Governor Kennedy's Assembly advocated the union of the two colonies. When Seymour was summoned to England in September 1865 to inform the Colonial Office about the conditions of the Pacific coastline, Seymour mentioned "the extreme inconvenience to myself of the position of two Governors of equal authority close to each other yet far from home." He nevertheless repudiated the prospective union, which was advocated by Hudson's Bay Company factors of Vancouver Island, the Bank of British Columbia, and geopolitically uninformed members of the British armed forces. Seymour therefore submitted to work on policies for the union.

Seymour insisted that the constitution of the united colonies be "that of British Columbia", that the mainland's tariff acts remain in force, and the capital of the united colony be located at New Westminster. The Act of Union was hurried through parliament in November 1866, and Seymour announced the creation of the new united colony in both New Westminster and Victoria.
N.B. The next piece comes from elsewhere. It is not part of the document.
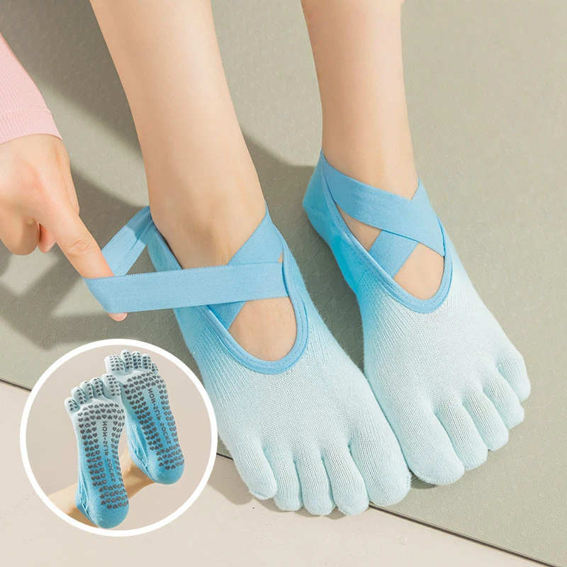 Professional sweat absorbing breathable gradient color yoga sports five finger socks

===Involvement in Indigenous Political Relations (1864–1869)===
Before the commencement of his premiership, Seymour had expressed his desire to have rapport with the indigenous population of the territory. He stated that "my heart is as good to the Indian as to the white man". Indigenous Sto-lo and Salish groups were worried that the new governor would not maintain the accords that they had had with his predecessor Sir James Douglas, to whom the Sto:lo expressed their worries.
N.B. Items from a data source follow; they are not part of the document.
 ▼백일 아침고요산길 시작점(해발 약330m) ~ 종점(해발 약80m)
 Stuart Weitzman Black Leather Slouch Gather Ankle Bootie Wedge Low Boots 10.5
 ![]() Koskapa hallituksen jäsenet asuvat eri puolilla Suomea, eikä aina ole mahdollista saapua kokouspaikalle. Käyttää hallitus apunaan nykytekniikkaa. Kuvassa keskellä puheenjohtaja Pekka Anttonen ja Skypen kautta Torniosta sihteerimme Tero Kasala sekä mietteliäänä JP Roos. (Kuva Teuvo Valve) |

Those accords included land-protection acts that granted to the Sto:lo the "choicest prairie lands" and "nearly a mile frontage for each Indian", for which Douglas had been censured for gratuitous preference for the indigenous population, by the Legislative Council who claimed that the grants of his land-protection acts were "unnecessarily large" and impeded "the development of the agricultural resources of the colony.

On 24 May 1864, Seymour invited surrounding Indigenous nations to celebrate Queen Victoria's birthday, to celebrate which over 3500 indigenous people travelled over 200km down the Fraser River to New Westminster. The Salish and Sto:lo chiefs honoured Seymour in their speeches, and offered to him the 1864 petition, which was signed by 55 Salish leaders, that included the following passage:

We know the good heart of the Queen for the Indians. You bring that good heart with you, so we are happy to welcome you. We wish to become good Indians, and to be friends with the white people…. Please to protect our land, that it will not be small for us: many are well pleased with their reservations, and many wish that their reservations be marked out for them.

Seymour believed that his acceptance of this petition "established with them some of the same rapport that Douglas, their "Great Chief", had previously enjoyed": but many indigenous oral histories describe Seymour as "someone who broke promises" and "a bad person" because he maintained the British policy that indigenous people "could neither own nor occupy land that the crown had made available to settlers".

Another petition, of 1868, which was signed by 70 Salish and Sto:lo leaders, was written by children who had been educated by Christian missionaries. It entreated the governor to "prevent white men from selling liquour to their people, asked that all indigenous peoples be exempt from tolls for transporting goods on the Fraser River, and to protect Indigenous lands and fishing rights". It stated:

For many years we have been complaining of the land left to us being too small. We have laid our complaints before the Government officials nearest to us: they sent us to some others; so we had no redress up to the present; and we have felt like men being trampled on, and are commencing to believe that the aim of the white men is to exterminate us as soon as they can, although we have always been quiet, obedient, kind, and friendly to the whites.

Seymour supported the Christian missionaries, who had educated the children who wrote the 1868 petition, in their attempt to "integrate" the indigenous people "into society". The Christian missionaries worked in exchange for "cultivation of land as farmers, sending the children to school and listening to what the clergymen tell you and believe in it", which was accepted by many Sto:lo and Salish people. The missionary Father Fouquet contributed to the 1866 petition.

When, in May 1869, there were reports about violence between indigenous tribes in the north of British Columbia, Seymour departed boat with mercenaries to repressed the violence, and paid each indigenous tribe to sign a peace treaty. Seymour was commended as "creditable to his administrative ability…and entirely in consonance with the kindliness of heart". However, Seymour wrote in his journal that "Europeans should thus run down wild Indians and drive them to suicide of surrender".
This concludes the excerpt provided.